TASK OBJECTIVE: Every line from the top of the records below through the one containing "Продовольственный киоск по" must be copied exactly, and the pictures must not be.

DATA LISTING START

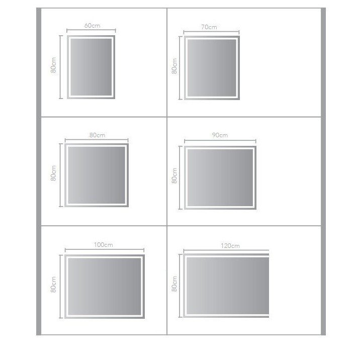 Espejo cuadrado o rectangular, luz frontal, fría, con doble sensor, antivaho y on/off., disponible en varias medidas a escoger, modelo Holanda.
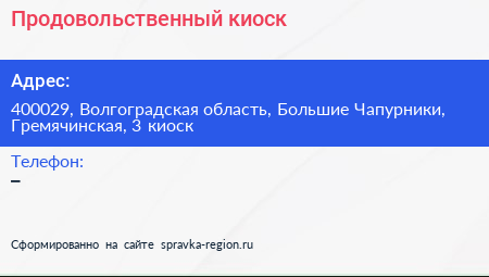 Продовольственный киоск по адресу 400029, Волгоградская область, Большие Чапурники, Гремячинская, 3 киоск в дальнейшем Организация, размещена в следующих категориях:
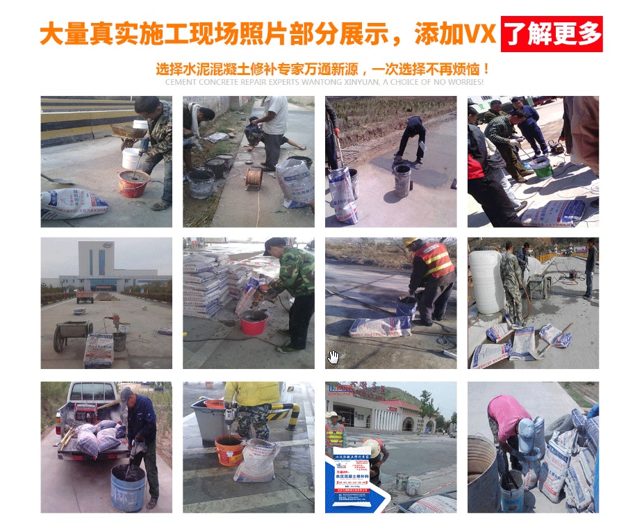 大慶萬通新源科技有限公司獨(dú)有的混凝土路面高強(qiáng)速補(bǔ)料,是水泥混凝土路面病害修復(fù)的好材料。疲勞、凍融循環(huán)、彎曲壓力、滲水和基層破壞等原因都會(huì)引起水泥路面的破損,從而帶來高昂的維護(hù)費(fèi)用。與以往的剛性修補(bǔ)方法不同,混凝土水泥路面維修速補(bǔ)膠提供了一種獨(dú)特的柔性修補(bǔ)產(chǎn)品和技術(shù),高柔性、高抗拉性,可跨伸縮縫施工和高抗壓性使得混凝土快補(bǔ)產(chǎn)品為水泥混凝土路面提供了******性的修補(bǔ)。傳統(tǒng)的剛性修補(bǔ)方案,如環(huán)氧砂漿和快干水泥產(chǎn)品,由于其自身的粘結(jié)失效,抗疲勞性低以及與原路面不同的伸縮系數(shù),修補(bǔ)面會(huì)在短時(shí)間內(nèi)失效或產(chǎn)生新的裂縫,需要反復(fù)修補(bǔ),有效期短且費(fèi)用高昂。大慶萬通新源科技有限公司的混凝土水泥路面維修速補(bǔ)膠可以隨原路面一起伸縮,移動(dòng),從而避免了粘結(jié)失效和產(chǎn)生新裂縫。萬通快補(bǔ)產(chǎn)品優(yōu)異的粘結(jié)性、柔韌性和高防滑性,特別適用于水泥路面的淺層粘合修補(bǔ),多邊角混凝土板層修補(bǔ),跨伸縮縫修補(bǔ)以及路面沉陷修補(bǔ)。萬通混凝土病害修補(bǔ)料針對(duì)混凝土起皮起沙、斷板裂縫、蜂窩麻面、坑槽露石子、漏筋掉皮、橋梁的掉皮漏筋快速通車使用時(shí)間長。應(yīng)用萬通快補(bǔ)產(chǎn)品,施工后一天就可以恢復(fù)交通。大慶萬通新源科技有限公司的萬通水泥路面維修速補(bǔ)膠適用于高速公路、機(jī)場(chǎng)路面、農(nóng)村村村通路面、廠坪、學(xué)校操場(chǎng)、市區(qū)公路、小區(qū)路面、橋梁、水泥路面的修補(bǔ)。使用萬通特快補(bǔ)材料修補(bǔ)路面可以一勞永逸! 水泥地面起砂怎么辦,混凝土修補(bǔ)劑混凝土地面起砂,混凝土地面修補(bǔ),地面起砂怎么辦,
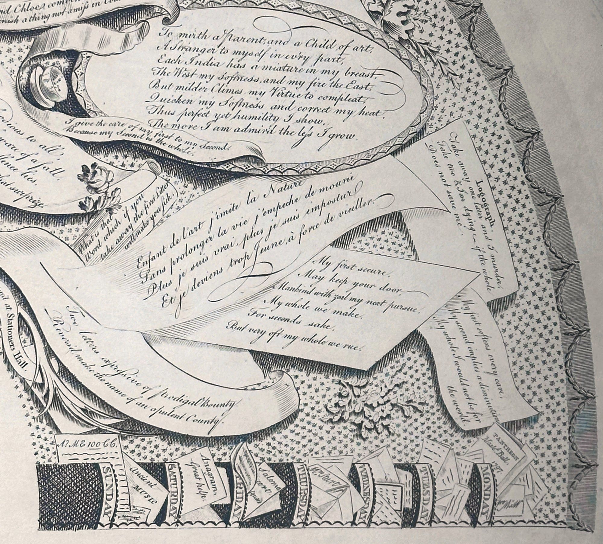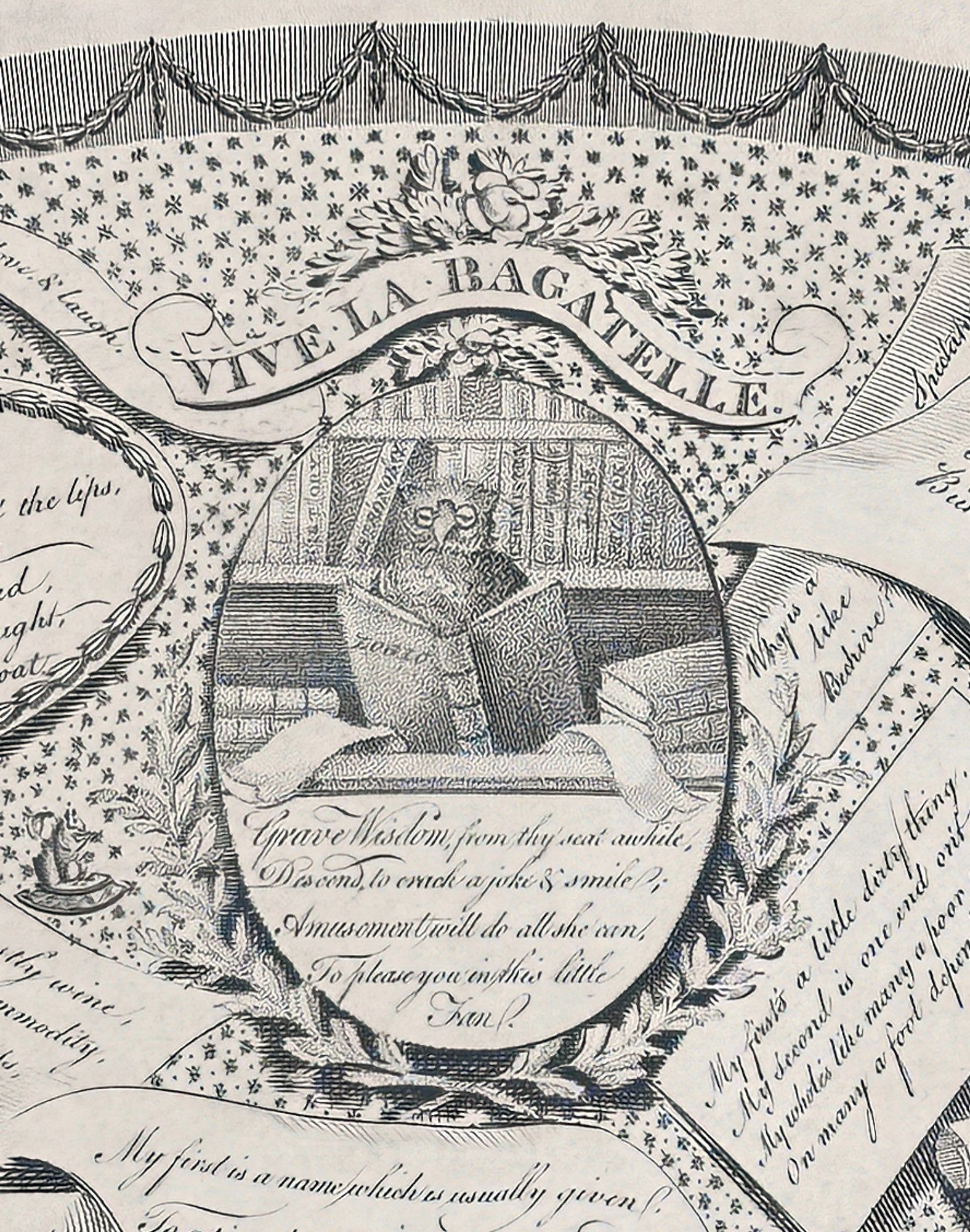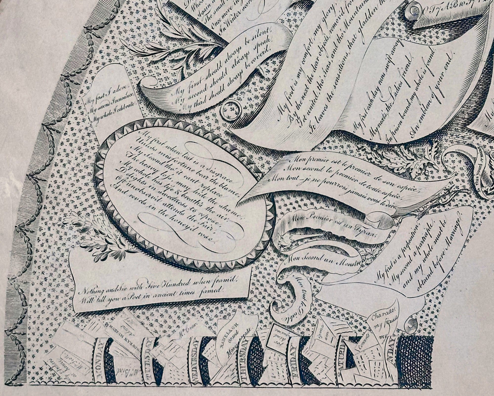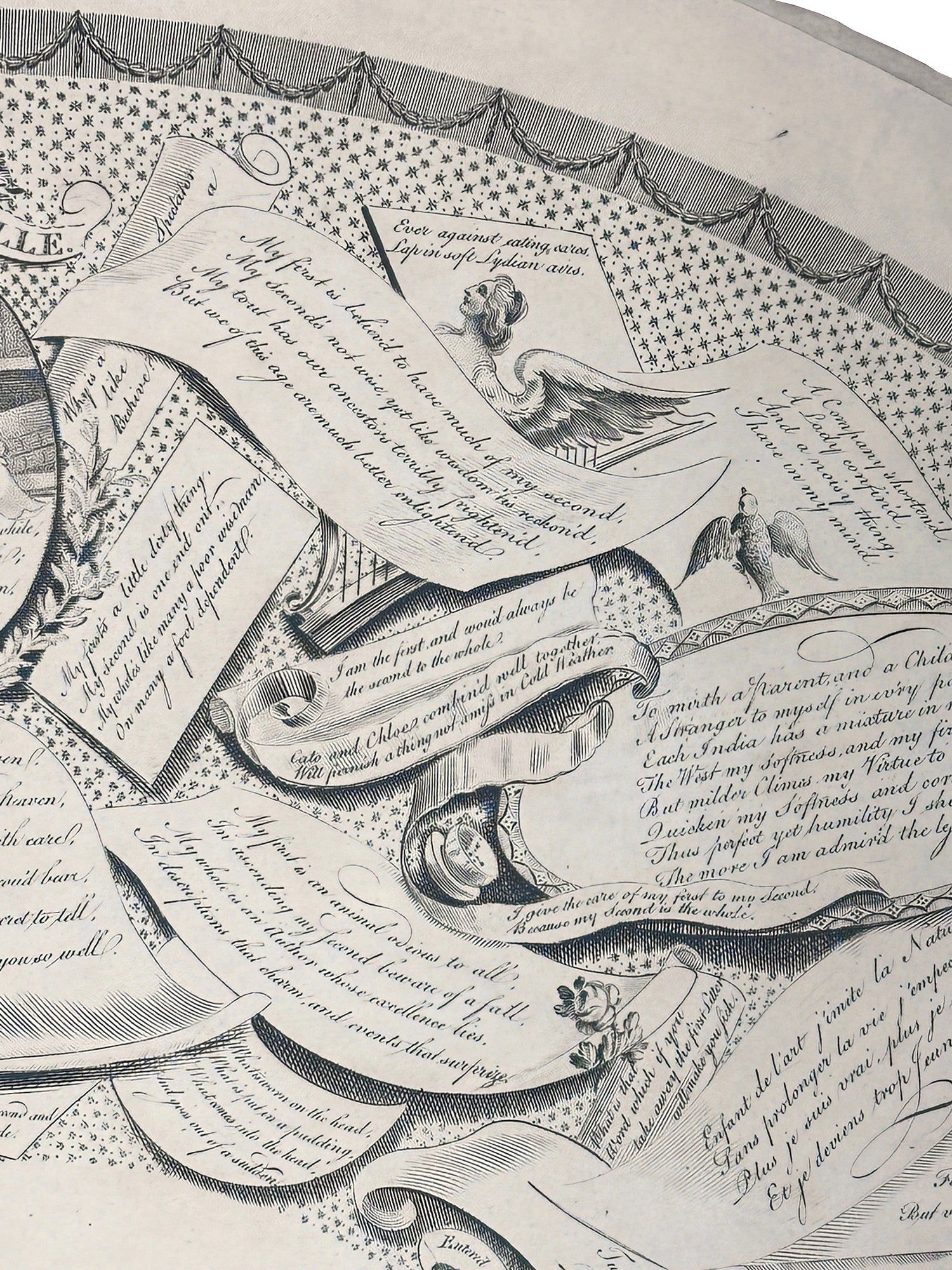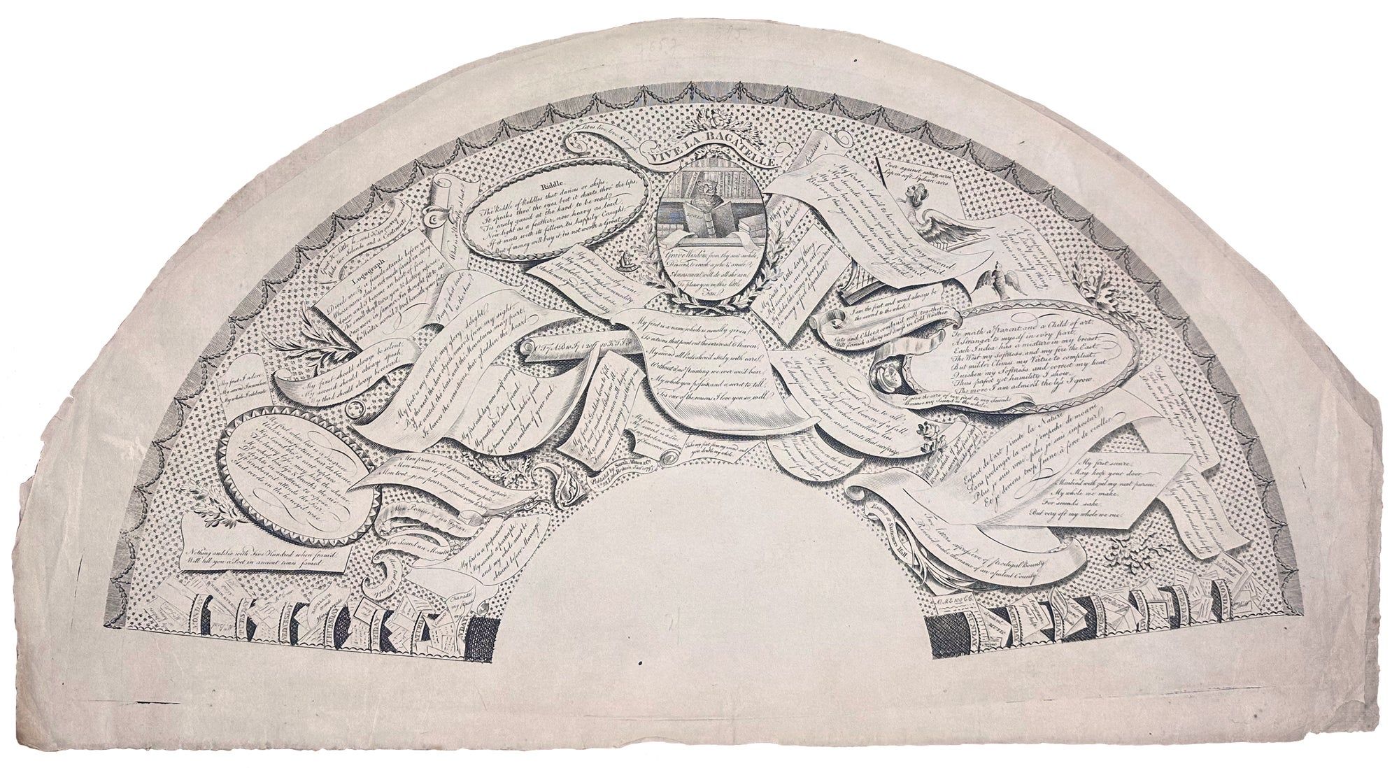[London]: Sarah Ashton, No. 28, Little Britain, 1797. Original example of London fan maker Sarah Ashton’s delightful “Vive la Bagatelle” design, published on New Year’s Day in 1797. Instructing its bearer to “live, love, & laugh,” this “conundrum fan” offers hours of diversion in the form of riddles, jokes, and word games, scattered across the fan in a tromp l’oeil profusion of scrolls, scraps, and ribbons. In the central medallion, the owl of Minerva peers up from a book in the library, above the dedication: “Grave Wisdom, from thy seat awhile, / Descend to crack a joke & smile; / Amusement will do all she can; / To please you in this little Fan.” Along the base of the fan is a calendar file, overflowing with invitations for the coming two weeks: museums, masquerades, concerts, balls, and visits with friends. Publisher Sarah Ashton was admitted to the Worshipful Company of Fan Makers in 1770. She produced a series of elaborate fan designs over the next three decades, many of them featuring literary themes. Schreiber 207. We locate examples at the London Museum, the Met, Huntington, UCLA, Yale, and Washington University. A rare survival, at the intersection of printing and fashion, in fine condition. Engraved fan design, measuring 10 x 19.5 inches, laid on backing sheet measuring 11 x 21 inches, as issued in preparation for mounting on sticks. Edges untrimmed, ghost of old hinging tape to verso.
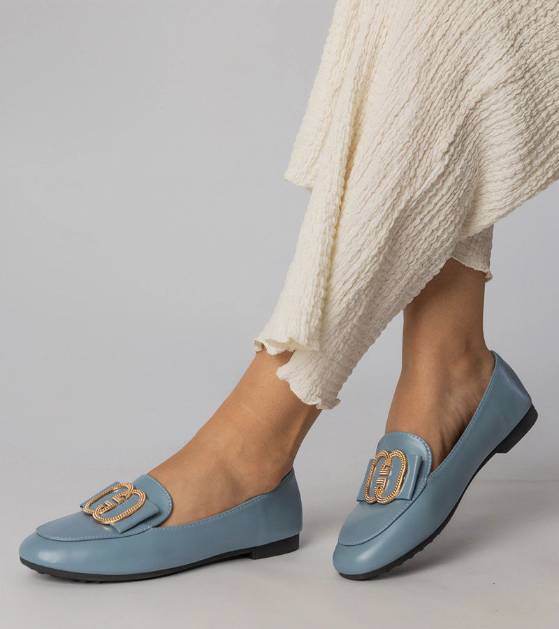 Hers Niebieskie mokasyny damskie ze złotą ozdobą
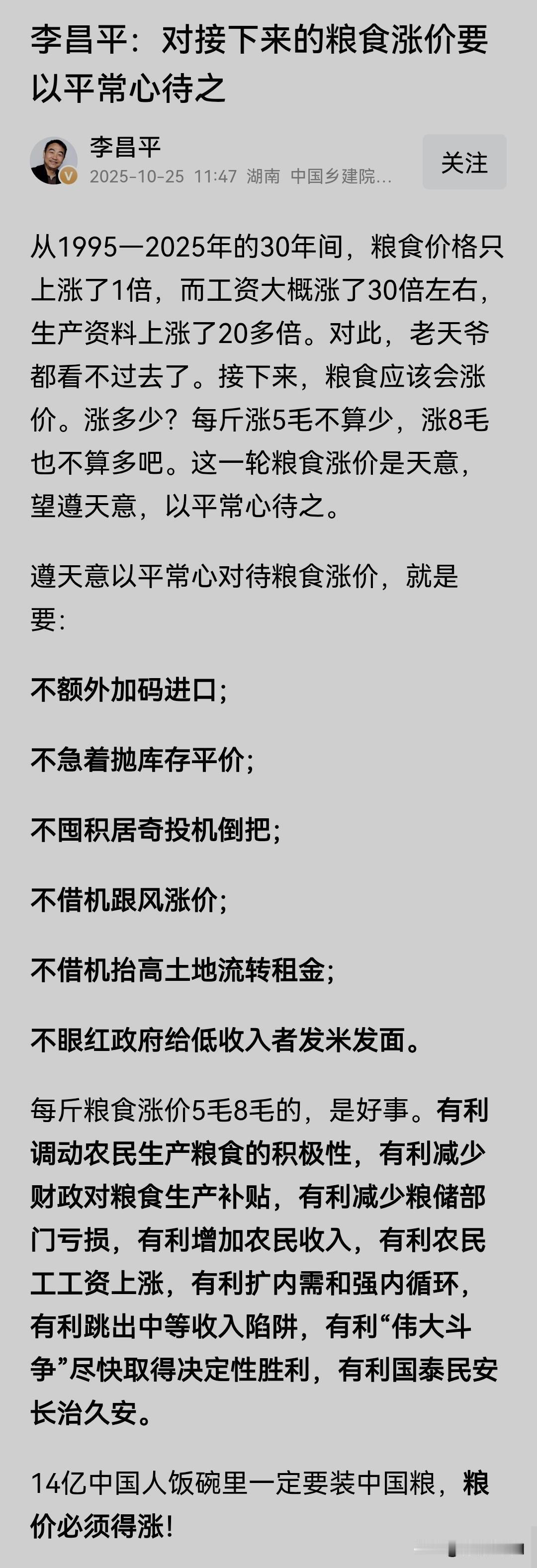 10月25日,李昌平发表文章称,30年间,粮食价格只上涨了1倍,而工资大概涨了30倍左右,生产资料上涨了20多倍。对此,老天爷都看不过去了。14亿中国人饭碗里一定要装中国粮,粮价必须得涨!这一轮粮食涨价是天意,望遵天意,以平常心待之。 对于中国乡建院院长、乡村建设协作者、优质三农领域创作者李昌平老师,我历来非常支持和尊重,但是,这一次对李昌平老师的观点不太赞成。 李昌平老师说,粮食必须得涨价,我们对粮食涨价要以平常心待之。但是,不知李昌平老师是否想到:虽然,谷贱伤农,但是,米贵却伤了民。不信走着看吧!粮食不涨价还好,若涨价,其他的副食品、工业产品、交通、水电气等等,一定都会全跟着涨。所以,粮食涨价,先吃不消的可能是全体老百姓,最后,传导到底端,吃亏的还是广大农民群众! 举例说明,前几年肉包子的价格是1元1个,当猪肉价格涨到20元一斤的时候,肉包子也涨到了1.5至2元一个。目前猪又跌价了10元左右,可包子的价格并没有落。假如粮食大幅度涨价,肉包子是否会卖到三元一个?普通老百姓吃个包子能吃得起吗?其实,粮食涨价对农民不一定有利,有利的商家和与农业相关的行业。

DATA LISTING END

ANSWER SPACE:
 Espejo cuadrado o rectangular, luz frontal, fría, con doble sensor, antivaho y on/off., disponible en varias medidas a escoger, modelo Holanda.
 Продовольственный киоск по адресу 400029, Волгоградская область, Большие Чапурники, Гремячинская, 3 киоск в дальнейшем Организация, размещена в следующих категориях:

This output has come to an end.